• _WORK TO COMPLETE_: Restate each of the lines below word for word and drop every picture.

• _PROVIDED DATA_:
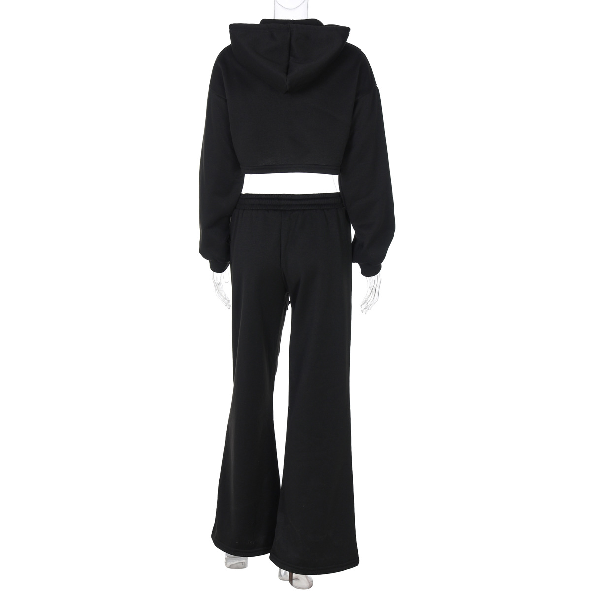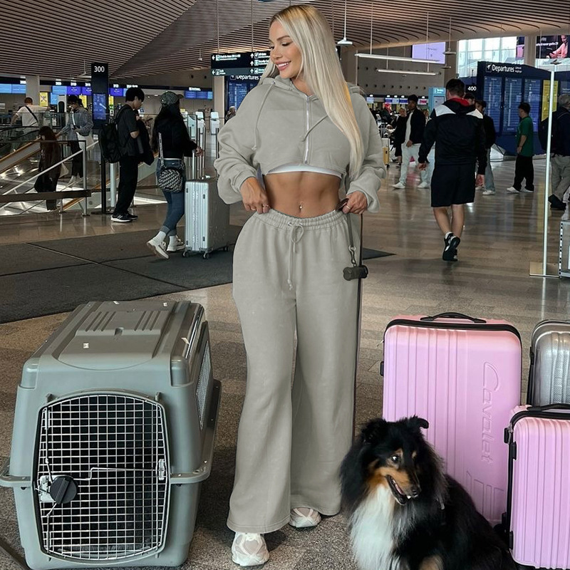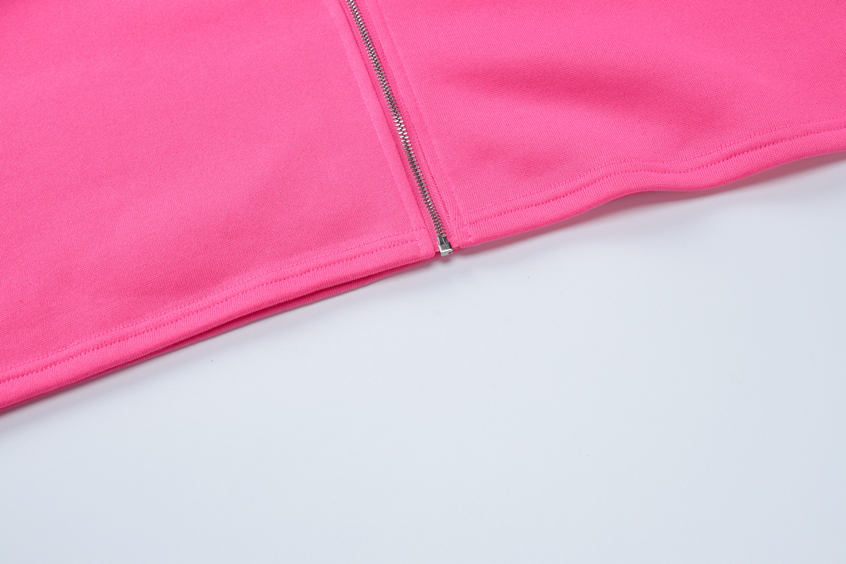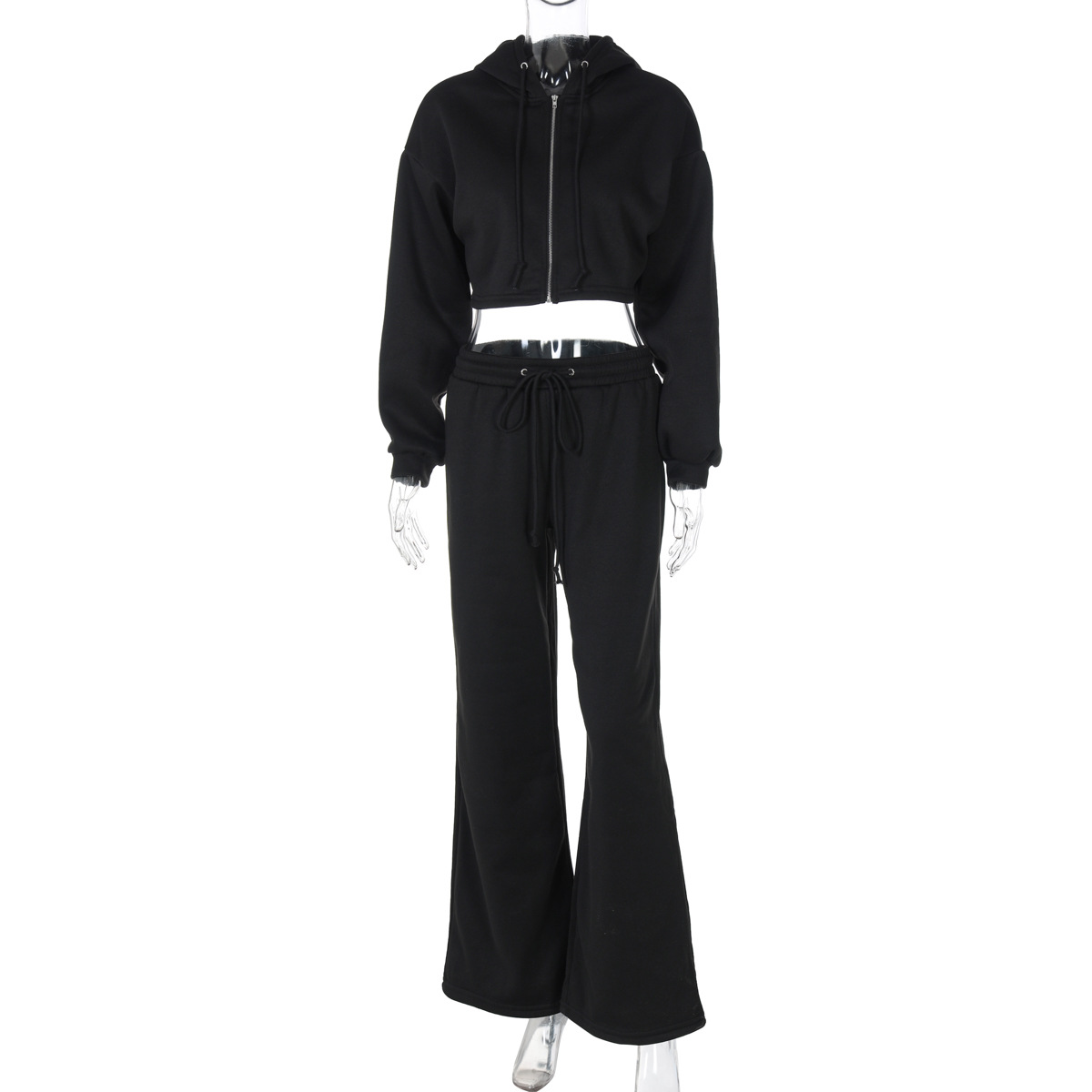 유럽과 미국 여성의 2024 가을과 겨울 새로운 패션 지퍼 후드 탑 슬림 캐주얼 바지 세트 도매
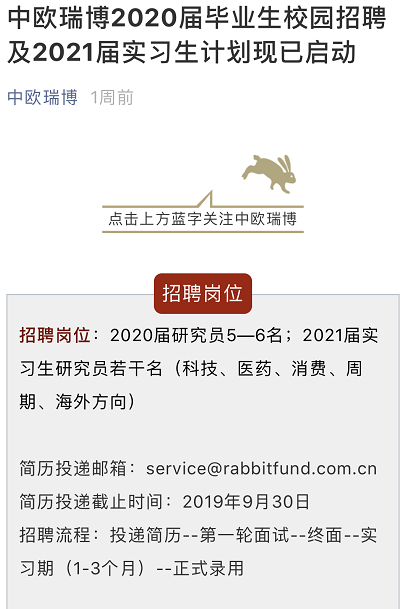 深广地区的知名私募中欧瑞博投资也启动了2020届毕业生校园招聘及2021届实习生计划,招聘岗位包括2020届研究员5、6名,2021届实习生研究员若干名,涉及科技、医药、消费、周期、海外等方向。
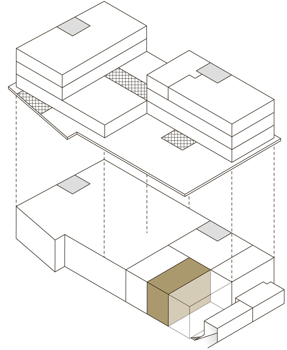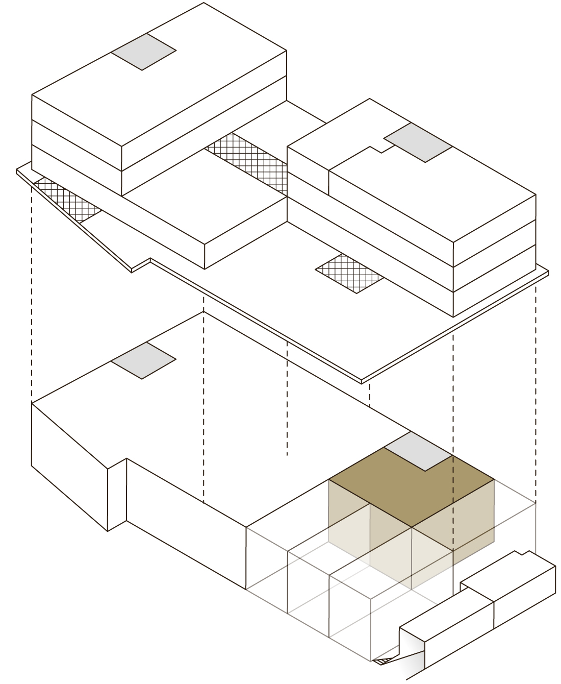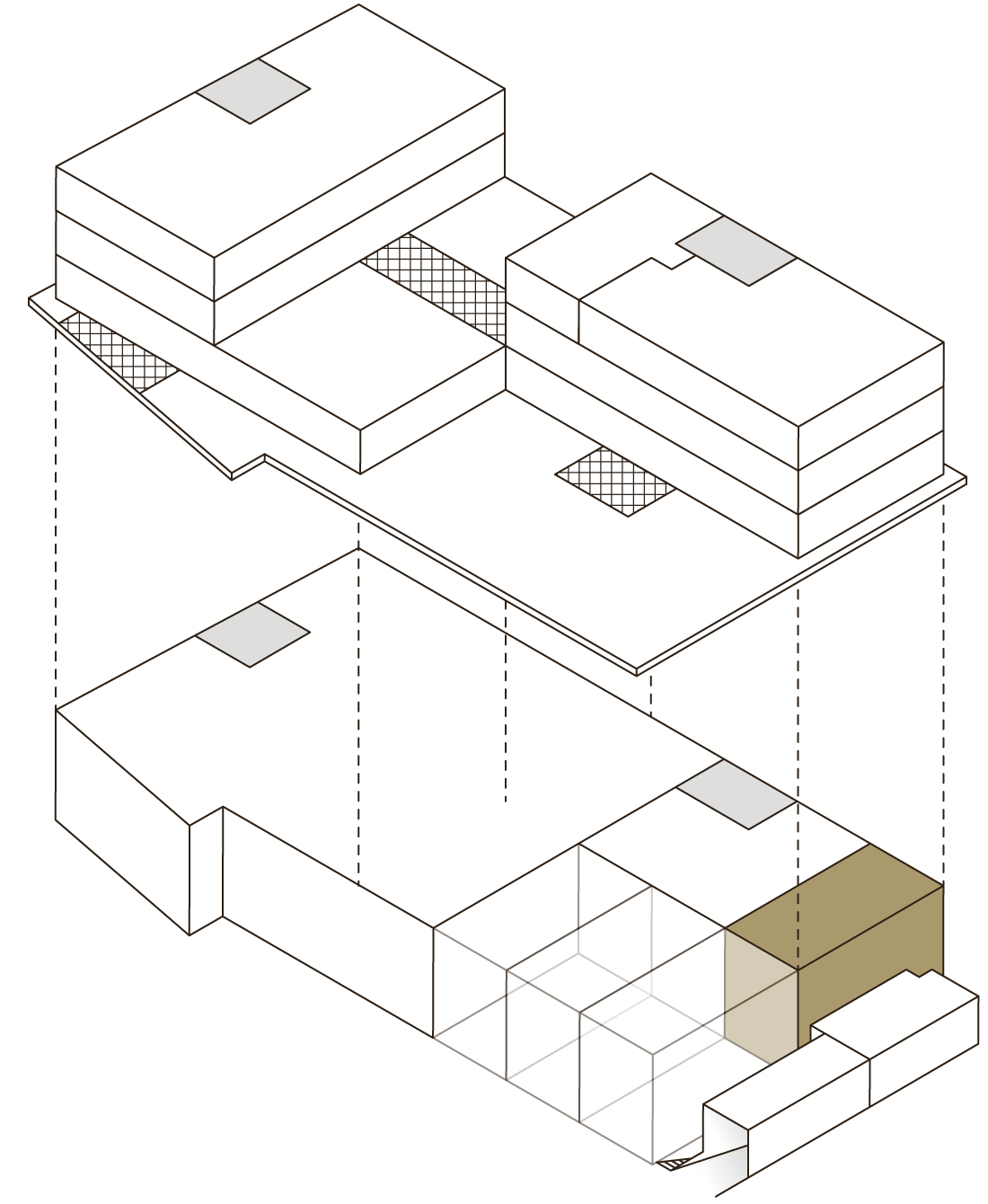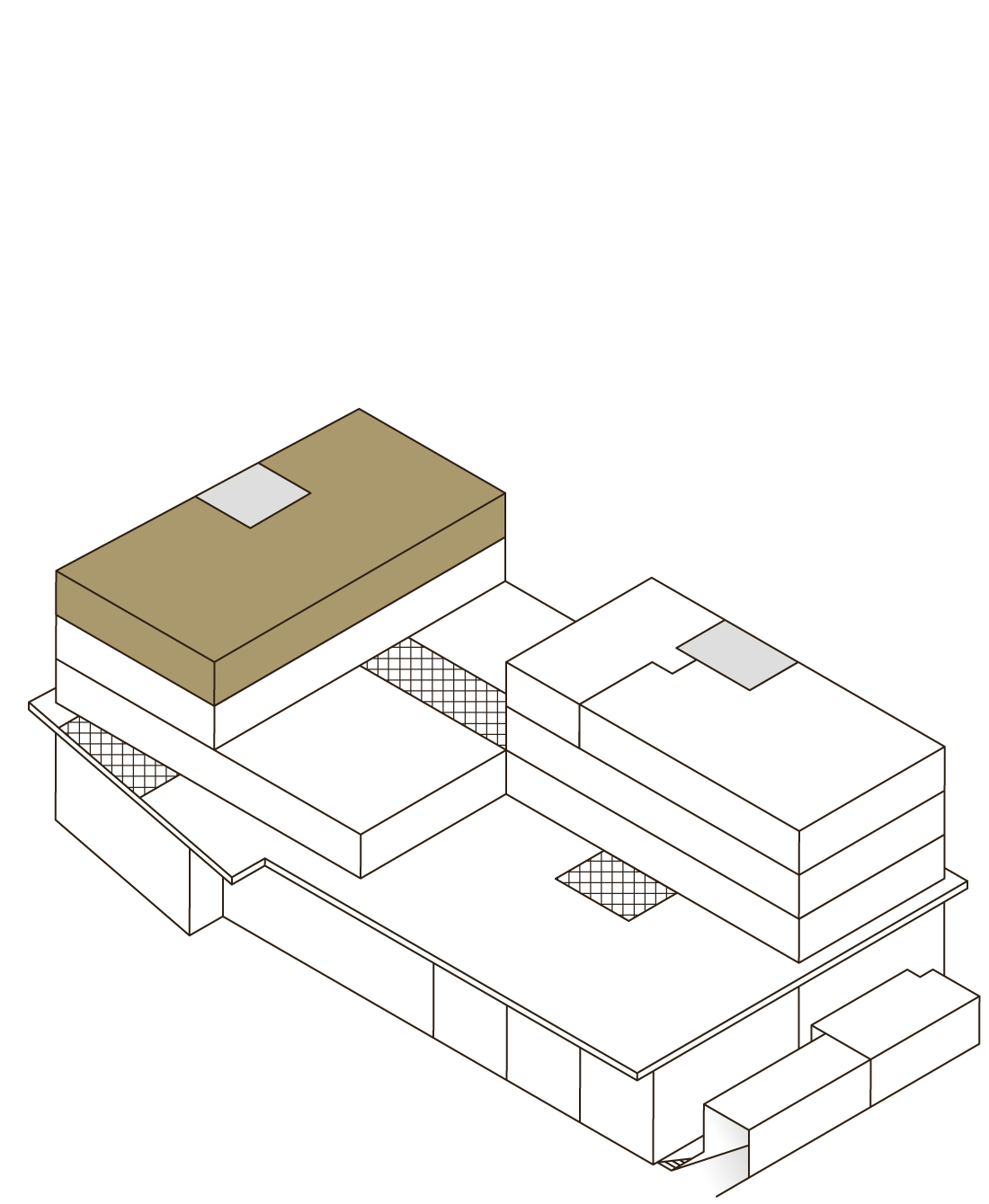 Der längsgezogene Holzbau. errichtet mit Holz aus heimischen Wäldern, erstreckt sich über vier Geschosse und die Zugänge in die Flächen erfolgen über zwei Treppenhäuser (Nord und Süd bzw. Heuwinkelweg 2 und 4). Die KMU Boxen verfügen über direkte, befahrbare Zugänge. Im 1. und 2. Obergeschoss stehen den Mietern Aussenbereiche in Form einer Terrasse zur Verfügung.

• _RESULT FOR THIS EXERCISE_:
 유럽과 미국 여성의 2024 가을과 겨울 새로운 패션 지퍼 후드 탑 슬림 캐주얼 바지 세트 도매
 深广地区的知名私募中欧瑞博投资也启动了2020届毕业生校园招聘及2021届实习生计划,招聘岗位包括2020届研究员5、6名,2021届实习生研究员若干名,涉及科技、医药、消费、周期、海外等方向。
 Der längsgezogene Holzbau. errichtet mit Holz aus heimischen Wäldern, erstreckt sich über vier Geschosse und die Zugänge in die Flächen erfolgen über zwei Treppenhäuser (Nord und Süd bzw. Heuwinkelweg 2 und 4). Die KMU Boxen verfügen über direkte, befahrbare Zugänge. Im 1. und 2. Obergeschoss stehen den Mietern Aussenbereiche in Form einer Terrasse zur Verfügung.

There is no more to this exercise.